Mahalanobis distance:

$\Delta^2=\bold{(y-\mu)^\top\Sigma^{-1}(y-\mu)}$

Eigendecomposition of the inverse Cov matrix:

$\bold{\Sigma}^{-1}=\sum_{i=1}^Du_iu_i^{\top} \frac{1}{\lambda_i}$

We can express the Mahalanobis distance through a transformation:

$\bold{(y-\mu)^\top\Sigma^{-1}(y-\mu)}=\bold{(y-\mu)^\top}\sum_i \frac{1}{\lambda_i}u_iu_i^\top\bold{(y-\mu)}=\sum \frac{z_i^2}{\lambda_i}$

with $\bold{z=U(y-\mu)}$

Thus the Mahalanobis distance can be seen as Euclidean distance with a rotation of $\bold{u}$ and a translation of $\bold{\mu}$.

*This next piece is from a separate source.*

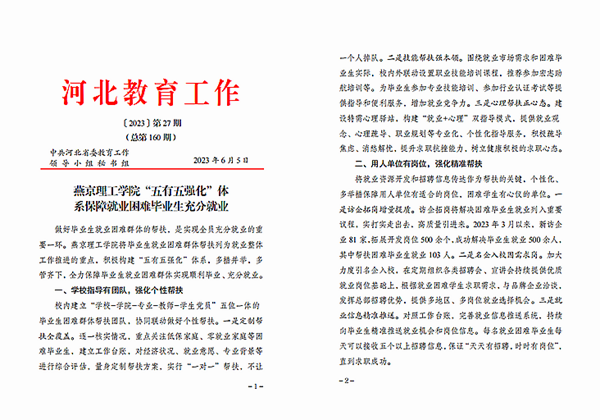 本网讯(就业指导与校企合作中心 李艳杰)6月5日,《河北教育工作》(〔2023〕第27期,总第160期)编发,《燕京理工学院“五有五强化”体系保障就业困难毕业生充分就业》作为促进毕业生高质量就业创业方面的经验做法典型入选刊登。

3.2.3 Marginals and conditionals

Let $\bold{y=(y_1,y_2)}$ be jointly Gaussian

Its parameters are:

$\mu= \bold{\begin{bmatrix} \mu_1 \\ \mu_2 \end{bmatrix}}$ and $\bold{\Sigma=\begin{bmatrix}\Sigma_{11} & \Sigma_{12} \\ \Sigma_{21}& \Sigma_{22}\end{bmatrix}}$

Marginals are given by:

$p(y_1)=\bold{\mathcal{N}(y_1|\mu_1,\Sigma_{11})} \\ p(y_2)=\bold{\mathcal{N}(y_2|\mu_2,\Sigma_{22})}$

Posterior conditional is given by:

$p(\bold{y_1|y_2)=\mathcal{N}(y_1|\mu_{1|2},\Sigma_{1|2}}) \\\mu_{1|2}=\mu_1+\Sigma_{12}\Sigma_{22}^{-1}(y_2-\mu_2) \\ \Sigma_{1|2}=\Sigma_{11}-\Sigma_{12}\Sigma^{-1}_{22}\Sigma_{21}$

Example in the 2d case:

$\Sigma=\begin{bmatrix} \sigma_1^2 & \rho\sigma_1\sigma_2 \\ \rho\sigma_1\sigma_2 & \sigma_2^2\end{bmatrix}$

Suppose we observe $Y_2=y_2$, the conditional is obtained by slicing the joint distribution through the $Y_2=y_2$ line:

$p(y_1|y_2)=\mathcal{N}(y_1|\mu_1+\frac{\rho\sigma_1\sigma_2}{\sigma_2^2}(y_2-\mu_2),\sigma_1^2-\frac{(\rho \sigma_1 \sigma_2)^2}{\sigma_2^2})$

3.3 Linear Gaussian System

Let $\bold{z} \in \mathbb{R}^L$ be an unknown vector of values, $y \in \mathbb{R}^D$ some noisy measurements of $\bold{z}$.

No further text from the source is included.